This story originally appeared at Climate Central.
The steady rise of the earth’s temperature as greenhouse gases accumulate in the atmosphere and trap more and more heat is sending the planet spiraling closer to the point where warming’s catastrophic consequences may be all but assured.
That metaphoric spiral has become a literal one in a new graphic drawn up by Ed Hawkins, a climate scientist at the University of Reading in the United Kingdom. The animated graphic features a rainbow-colored record of global temperatures spinning outward from the late 19th century to the present as the earth heats up.
“The pace of change is immediately obvious, especially over the past few decades,” Hawkins, who has previously worked with Climate Central’s extreme-weather attribution team, wrote in an e-mail.
The graphic is part of Hawkins’ effort to explore new ways to present global temperature data in a way that clearly telegraphs the warming trend. Another climate scientist, Jan Fuglestvedt of the Center for International Climate and Environmental Research – Oslo, suggested the spiral presentation.
The graphic displays monthly global temperature data from the U.K. Met Office and charts how each month compares to the average for the same period from 1850 to 1900, the same baselines used in the most recent report from the Intergovernmental Panel on Climate Change.
At first, the years vacillate inward and outward, showing that a clear warming signal had yet to emerge from the natural fluctuations that happen from year to year. But clear warming trends are present in the early and late 20th century.
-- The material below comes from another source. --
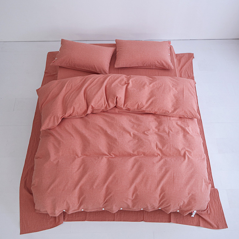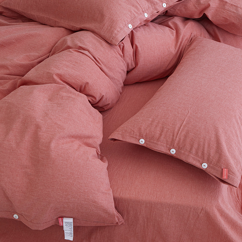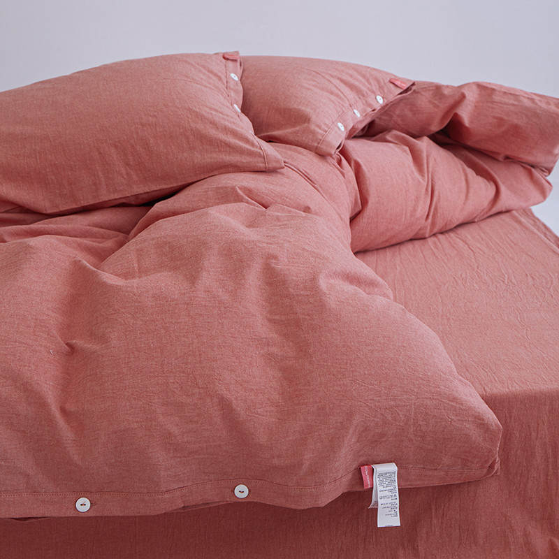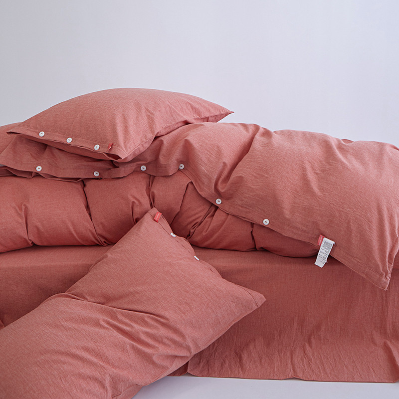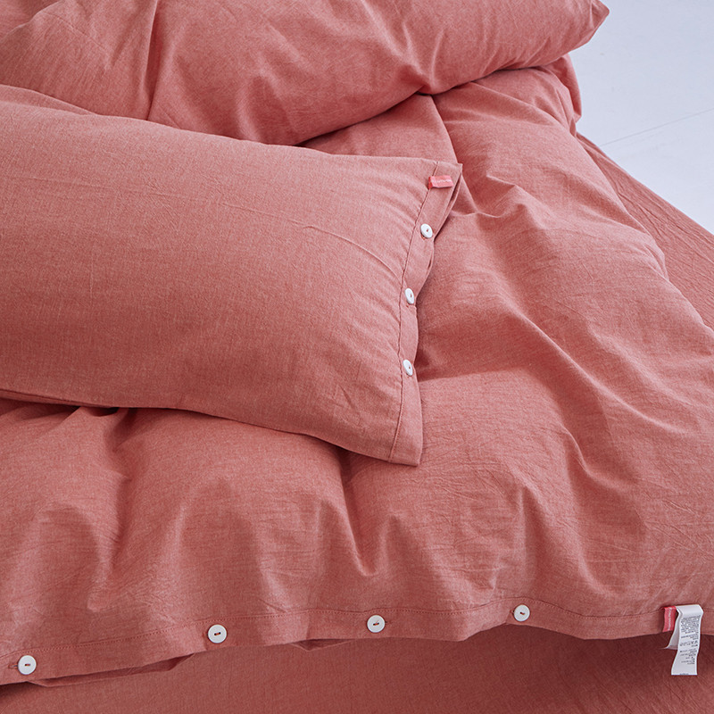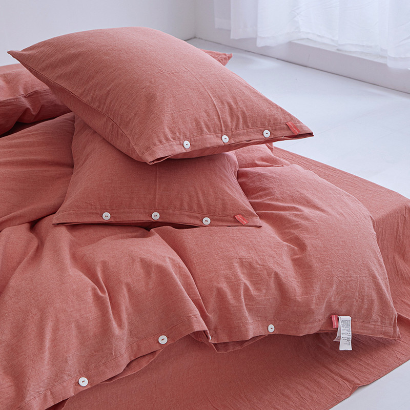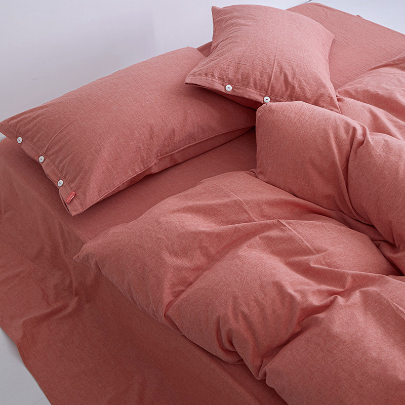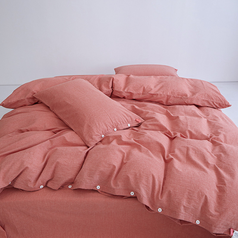 当前位置: 91家纺网 > 商品网购 > 床品套件 > 四件套 > 全棉普通四件套 > 安莱生活 2023年水洗棉全棉色经色纬高支高密纽扣款工艺四件套 橘红

In the latter, it is clear how much closer temperatures have come to the target the international community has set to keep warming within two degrees Celsius (four degrees Fahrenheit) above preindustrial levels by the end of the 21st century. An even more ambitious target of 1.5 degrees Celsius (three degrees Fahrenheit) has increasingly become a topic of discussion and is also visible on the graphic.
Michael Mann, a climate scientist at Pennsylvania State University who created the famous Hockey Stick graph of global temperature records going back hundreds of years, said that the spiral graphic was “an interesting and worthwhile approach to representing the data graphically.”
He said that using an earlier baseline period would have better captured all the warming that has occurred, as there was some small amount already in the late 19th century.
Just how much temperatures have risen is clear in the first few months of data from 2016, its line clearly separated from 2015—which was the hottest year on record—and edging in on the 1.5-degree Celsius mark.
Every month of 2016 so far has been the warmest such month on record; in fact, the past 11 months have all set records, the longest such streak in the temperature data kept by the National Oceanic and Atmospheric Administration. (Each agency that keeps such a temperature record handles the data slightly differently, which can lead to small differences in monthly and yearly values, though the overall trend is in broad agreement for all such agencies.)
The record-setting temperatures of 2016 have seen a small push from an exceptionally strong El Niño, but they are largely the result of the heat that has built up in the atmosphere over decades of unabated greenhouse gas emissions—as the spiral graphic makes clear.
“Turns out that this version [of temperature records] particularly appeals, maybe because it doesn't require much interpretation,” Hawkins said.